However, some incredible modern homes can also be spotted. Here we've gathered 10 examples that will have you dreaming of sand dunes and seafood shacks as you get ready to pack your swimsuit for the warmer days ahead.
Heide Banks and Howard Lazar’s Sagaponack residence, also known as "Sagaponac House 43," was designed by the Iranian-born and U.S.-based architects (and sisters), Gisue and Mojgan Hariri. It's located in a community of modernist homes called the Houses of Sagaponac.
The historically protected property that Christine and James Boyle purchased on Long Island came with two existing shingled structures designed in 1963 by modernist architect Andrew Geller. Hamptons-based firm Bates Masi + Architects LLC reworked it entirely to become a modern-day family compound.
After canvassing the architectural talent on Long Island’s East End, Andrew and Amy Weinstein connected with Paul Masi and Harry Bates of Bates Masi + Architects LLC—despite the Sag Harbor firm’s distinctly modern style.
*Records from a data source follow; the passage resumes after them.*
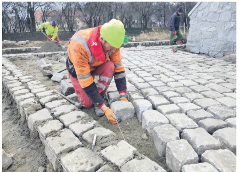
Plac obok remontowanej drogi układany jest również z dużej granitowej kostki. Takie miejsce będzie odporne na większe obciążenia i bardzo trwałe

Już dziś widać, że opaski drogi zrobione są z kostki granitowej. Czy cała droga będzie wykonana w tej technologii? Jaka to jest kostka?
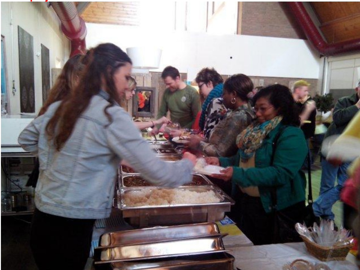
Gemeentemaaltijd bracht ruim 600 euro op.

Ook staan ze in het weekend van 19 tot 21 april op de Afrit 71 . Er staan nog meerdere activiteiten op het programma, maar als u denkt van "dat vind ik geweldig dat deze jongeren dat gaan doen en u wilt hun project ondersteunen? Dan kunt hun project eventueel financieel sponsoren door een bedrag over te maken op rekening van de Stichting Netwerk Roemenië te Hippolytushoef. Het rekeningnummer is 1221.23.182 . Vermeld er wel bij " sponsoring projectkosten zomerproject ".
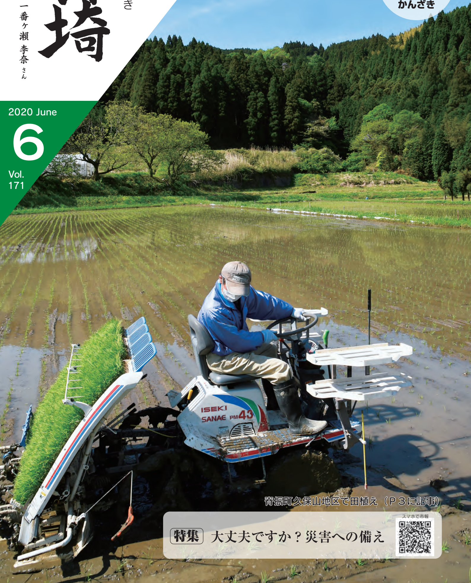
脊振町久保山地区で田植え（P 3に記事）
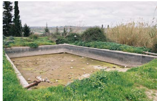
Η Δεξαμενή του Χωριού

Το Βρυσί, Του Τόφα Το Τσιουβλίτσι Η Κουτσάτζιενη Το Δοξαμενού Του Χαραλαμπή Της Αούστας Των Πανάων Ο Τζιοίλικας Του Χρύσανθου Ο Παλιόμυλος Οι Λάκκοι Η Περβόλα Του Αλουπού Δίπλα από το σπίτι του Θεούλα Του Χτζηδαμιανού Του Χατζηγιωρκαλλή Του Μυλόρτου Του Χωρκού (η Φουντάνα και το Λαούμι) Δίπλα από το σπίτι του Κυριάκου της Χατζηπραξούς Δίπλα από το σπίτι του Πέσολωμου Ο Δράκος Το Βασιλικό Ο Τζιελεφός Του Πασκάλη Της Αμαξώστρατας Του Χατζηνικόλα (η Καννούρα) Του Καμπούρη (η Βραστούα)
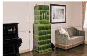
Der Salon mit Kachelofen und Bodenmalerei sowie einem Klavier des Braunschweiger Unternehmens Zelter und Winkelmann
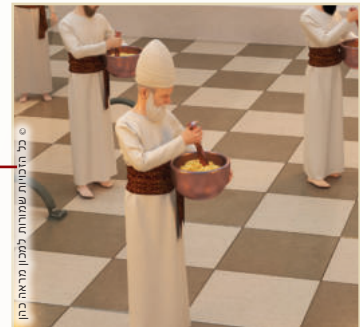
ז. כתישה במכתשת
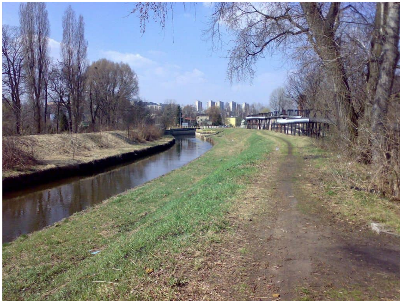
Zdjęcie 16 z 22
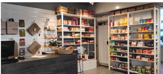
Zona cassa e scaffali dopo la ristrutturazione

Gran parte del lavoro è stato generosamente eseguito dalle volontarie e dai volontari della Bottega con l'intervento di tecnici professionisti dove necessario e con il supporto degli operativi.
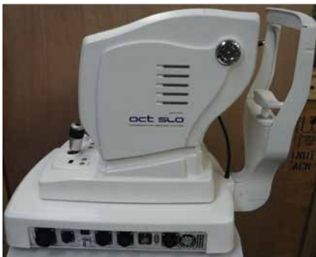
Obrázek 1. Přístroj Spectral Optical Coherence Tomography

Podle některých studií [5] je možné u spectral domain OCT dosáhnout sensitivity až 96 % a specificity 76 %. Cílem naší retrospektivní studie bylo vyhodnotit data získaná díky RNFL analýze ve 4 sledovaných souhrnných kvadran-

The couple had actually been looking to build a fairly traditional Hamptons cottage, but they fell in love with Bates Masi and their philosophy of design as storytelling—which reminded the Weinsteins of the artists whose work they collect, which lines the walls of this special home.
Located in Amagansett, Atelier 216 is a modern barn-style home designed by New York City-based architecture and branding firm, STUDIO ZUNG. The 3,800-square-foot, five-bedroom residence employs strategies to reduce its footprint and features smart technology systems.
Charles Gwathmey’s residential masterpiece—a modest but innovative home for his parents in the Hamptons—looks as fresh today as it did in 1965. The modernist gem of small-scale living made Gwathmey famous at the age of 27, and solidified his reputation in a generation of burgeoning architects.
When architect Nick Martin was hired to rework an art curator’s Hamptons property into a Zen-like getaway, he created a midcentury beach house that has it all: green technology, high-quality materials, and a design concept that references its humble beginnings as an kit house.
Designed by architect Bruce Nagel, this minimalist dwelling is tucked deep into an old pine forest on the prestigious Bull Path in East Hampton, New York. It boasts dramatic 16-foot-high ceilings and clerestory windows that allow light to stream into the open floor plan year-round. The master suite includes a private library, fireplace, and an outdoor deck.
When Tanya Wexler and Amy Zimmerman decided that they wanted a year-round retreat from their New York City apartment for themselves and their four children, they approached Joseph Tanney and Robert Luntz of Resolution: 4 Architecture to explore the idea of demolishing their already existing cottage in East Hampton, New York—and replacing it with a larger contemporary beach house.
When Joe Dolce and his partner Jonathan Burnham decided to add a 250-square-foot addition to their 1,400-square-foot Long Island summer home,
they made the most logical decision. They hired the original architect to do the renovation—Harry Bates had designed the modernist light-filled Amagansett beach house in 1967.